A quandary when I came to the goat gate, which was sprung off of two of its hooks and had one spacer slat broken off. I decided that, since the birds were capable of flitting up into the rafters of the coop, they could fly over the bottom half of the main door to get into the coop. I tried this and they had no problem doing that.
Ahead: what to do with the coop. I have two choices. First, I could scrape off the walls and put up more chicken wire so they can't get into the rafters and bomb everything with their waste. Or I could build a straw bale chicken coop in another part of the yard, and surround it with goat fence so the goats don't eat it down to the ground. Whatever the case, I've got the winter to ponder the choice.
My wife says she misses the fresh eggs. Me, too.
From memory, at last count I had the following chooks still hanging in there: Hens: two buff orpingtons, a white leghorn, a barred rock, a silver laced wyandotte, the while Silkie/Cochin cross, and a couple of Red crosses. Roosters: Rhode Island Red, Silkie/Cochin Cross, the mystery Bantie, and two mutts, one kind of a calico cover, the other a rusty salt and pepper color. Then there's what is supposed to be an easter egger, but I can't tell what it wants to be. It has no pronounced comb, but it has longer tail feathers. I don't know. That looks like a count of fourteen to me.

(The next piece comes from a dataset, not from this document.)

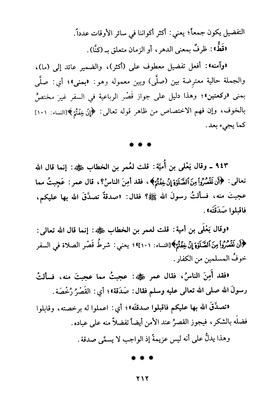 943 - وقال يَعْلى بن أُميَّة: قلت لعُمر بن الخطاب - رضي الله عنه -: إنما قال الله تعالى: {أَنْ تَقْصُرُوا مِنَ الصَّلَاةِ إِنْ خِفْتُمْ}، فقد أمِنَ الناسُ؟، قال عمر: عَجِبتُ مما عجبتَ منه، فسألتُ رسولَ الله - صلى الله عليه وسلم -؟ فقال: "صدقةٌ تصدَّقَ الله بها عليكم، فاقبلوا صَدَقتَه".
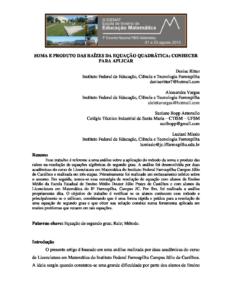 SOMA E PRODUTO DAS RAÍZES DA EQUAÇÃO QUADRÁTICA: CONHECER PARA APLICAR

McMurray Hatchery now has Marans, the breed that lays chocolate brown colored eggs. Add them to my list for spring: Cuckoo Marans (the hens resemble barred rocks), another set of New Hampshire Reds, and some easter eggers that I know for certain are hens, and easter eggers. Round out the balance of the order with meat birds, and I'll be set,
Until then, more work. And decision making.